Security Policy Design Report

Introduction
The purpose of this assignment is for students to demonstrate proficiency in creating and implementing a comprehensive security policy program for the case company that includes the development of an Enterprise Information Security Policy (EISP) document.
The following steps are necessary to successfully complete the assignment:
• Thoroughly read the case study material and all supporting documents
• Specify areas of legal or regulatory compliance related to the primary and ancillary activities of the case company. Include references to authoritative documents. Research the objectives for security services planned for the case company that have been documented in the Security Services Plan already in preparation
• Complete the requirements noted below.
Requirements / Grading Rubric:
Upon submission of the completed assignment, the work will be evaluated based on the following criteria:
• Formatted in accordance with APA style guidelines
• Prepared using the included template. This includes following all italicized instructions that are found throughout the document
• Your response must be completed within the context of the previously prepared Group Security Services Master Plan – any deviations from the scope or stated expectations in that group-level plan must be documented in this report
• Review the case document policy environment. Design a policy management program that provides the case company with proposed improvements to their policy environment. This process encompasses:
o Policy creation, review, and approval
o Policy distribution, training, validation/enforcement, and ongoing awareness
o Policy exceptions, maintenance, and retirement
• Design a policy improvement development program (a series of interlinked projects) with as many component project plans as are needed for the entire improvement program.

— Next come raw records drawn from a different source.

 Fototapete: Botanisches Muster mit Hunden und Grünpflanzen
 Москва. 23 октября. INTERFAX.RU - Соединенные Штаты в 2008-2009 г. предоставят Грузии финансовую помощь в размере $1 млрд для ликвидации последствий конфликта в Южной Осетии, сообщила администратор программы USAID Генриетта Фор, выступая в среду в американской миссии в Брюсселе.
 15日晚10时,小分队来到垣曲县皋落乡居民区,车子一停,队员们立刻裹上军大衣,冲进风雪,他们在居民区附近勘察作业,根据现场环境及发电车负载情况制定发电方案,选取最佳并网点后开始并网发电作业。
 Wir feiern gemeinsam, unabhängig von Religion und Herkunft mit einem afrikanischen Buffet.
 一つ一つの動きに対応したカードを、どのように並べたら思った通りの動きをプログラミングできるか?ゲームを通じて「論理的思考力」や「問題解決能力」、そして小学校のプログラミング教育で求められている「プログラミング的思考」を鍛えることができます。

• Create a complete draft of an enterprise information security policy (EISP). The EISP is the top level of organizational policy as has been defined in the CYBR 7300 course
• Identify the initial suite of issue-specific security policies (ISSP) relevant to the case company. The ISSPs should encompass concepts and material presented in the CYBR 7300 course and any additional ISSP documents you determine as being required
• Create a complete draft of one ISSP
• Compose high-level budgets for all costs for the policy management plan. Provide detailed resource forecasts necessary to accommodate the policy needs for the entirety of the information security program spanning the next three years.

Report Structure:
• Current Policy Environment – Fully describe and document the current approach used for policy creation, management, dissemination, and maintenance. Critique the current state of the EISP and the suite of ISSP documents in use.

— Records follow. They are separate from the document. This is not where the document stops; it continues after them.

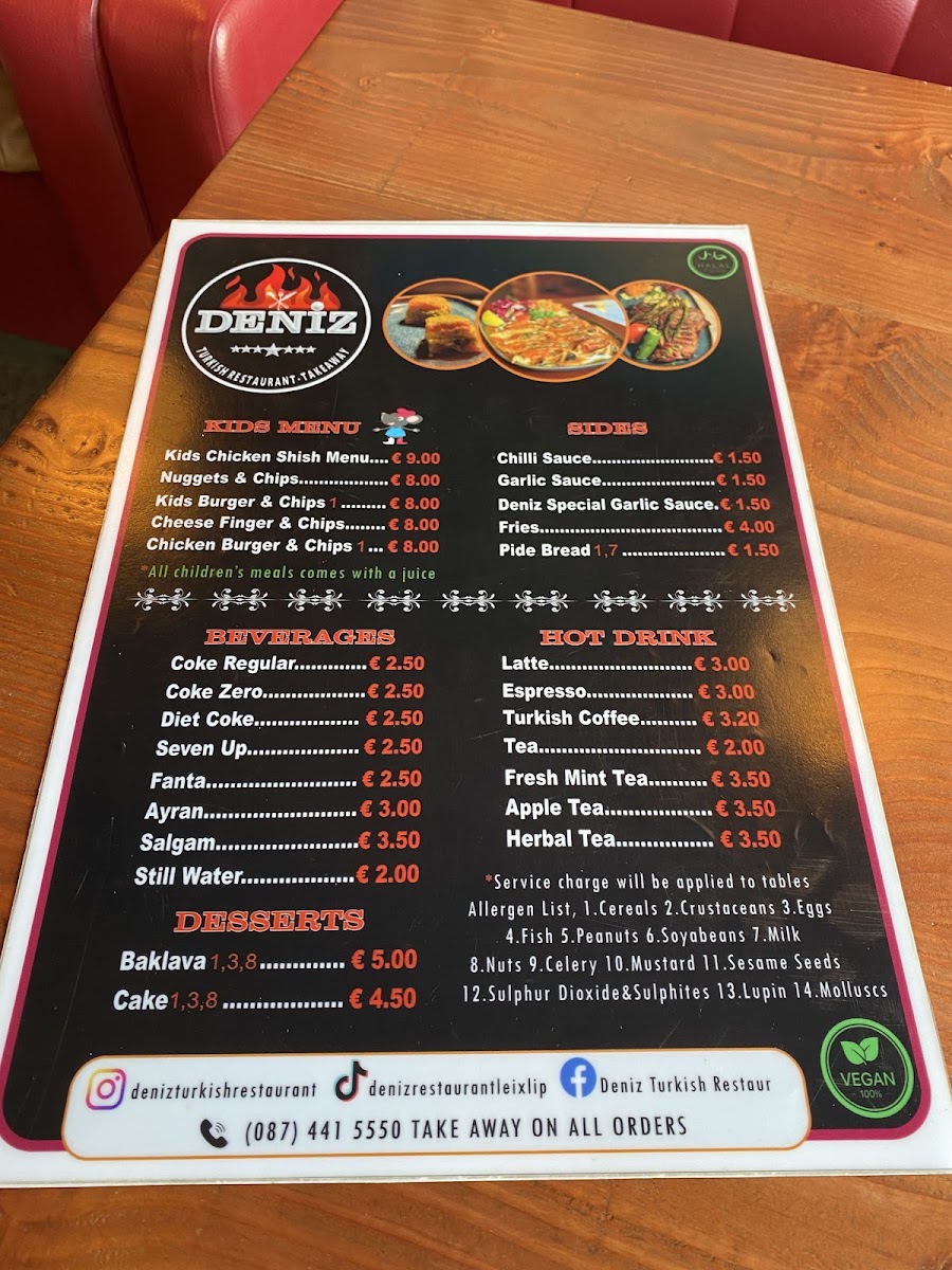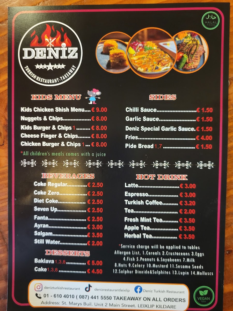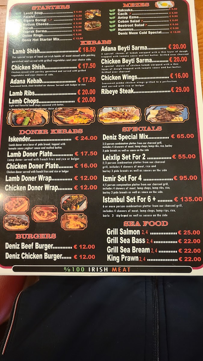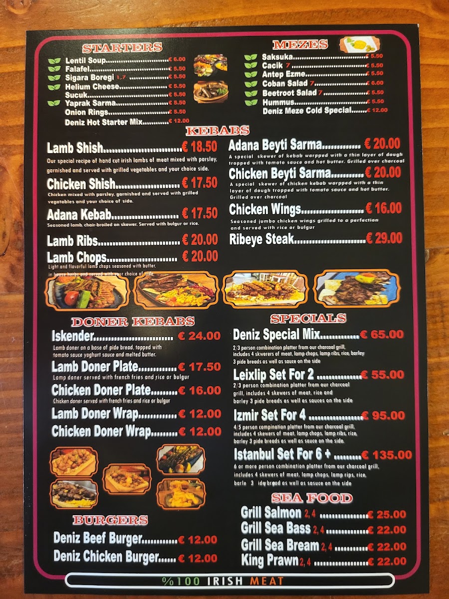 Welcome to Deniz Turkish Restaurant in Leixlip, a culinary gem that captures the essence of Turkish flavors. The menu features an array of tantalizing starters such as lentil soup and falafel, each priced at just €5. Flavors come alive with the Deniz Hot Starter Mix for a delightful communal experience at €15.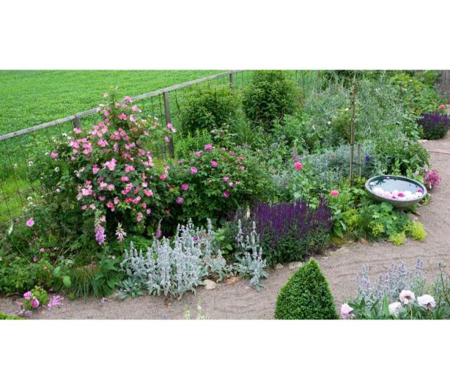På våren och tidiga försommaren står tovsippa, gullviva, löjtnantshjärta och liljekonvalj i blom. De följs av fänrikshjärta i maj och under försommaren blommar dagliljor, iris, kantnepeta och pioner. Så småningom fyller lavendel, stjärnflocka, malva och rosenstav på i blomsterprakten. Ju längre sommaren fortgår desto mer högresta blir perennerna och riddarsporrar, stockrosor och stormhatt har hunnit sträcka på sig ordentligt. Framåt hösten blommar aster, höstflox och kärleksört. De sista mormorsblommorna ger sig inte förrän frosten tar dem.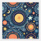 Transforme tu espacio con este encantador patrón celestial con intrincados soles, lunas y estrellas en un fondo marino profundo. Perfecto para una decoración bohemia y mística en casa, este mágico diseño combina elementos celestes extravagantes con influencias folclóricas. El coral cálido, el amarillo dorado y los acentos de menta crean un ambiente cósmico de ensueño ideal para ropa de cama, tapices o espacios espirituales. Cada elemento se detalla cuidadosamente con espirales, puntos y líneas de flujo que capturan el misterio del cielo nocturno.

• Targeted State for Policy – Define the objectives for policy management at the company to include:
o Policy creation, review, and approval
o Policy distribution, training, validation/enforcement, and ongoing awareness
o Policy exceptions, maintenance, and retirement
• Design a policy improvement development program plan (a series of interlinked initiatives). that includes all necessary component project plans for the entire improvement program. This task includes providing a budget for the program and each of its projects.
• Prepare an updated EISP
• Provide a plan to update the ISSP in the company (e.g., what should it include and what is the plan to make it match that intention). Identify and write one complete ISSP as an example.
• Prepare a budget for ongoing Policy Operations for three years.
Submission:
• Just as you are expected to do for all business communications, you must prepare a cover memorandum that serves to convey this report and serves as an executive summary of your findings.
• Save the combined report (cover memo + report) with a page break between each to a PDF file and submit one file for the team by the date assigned.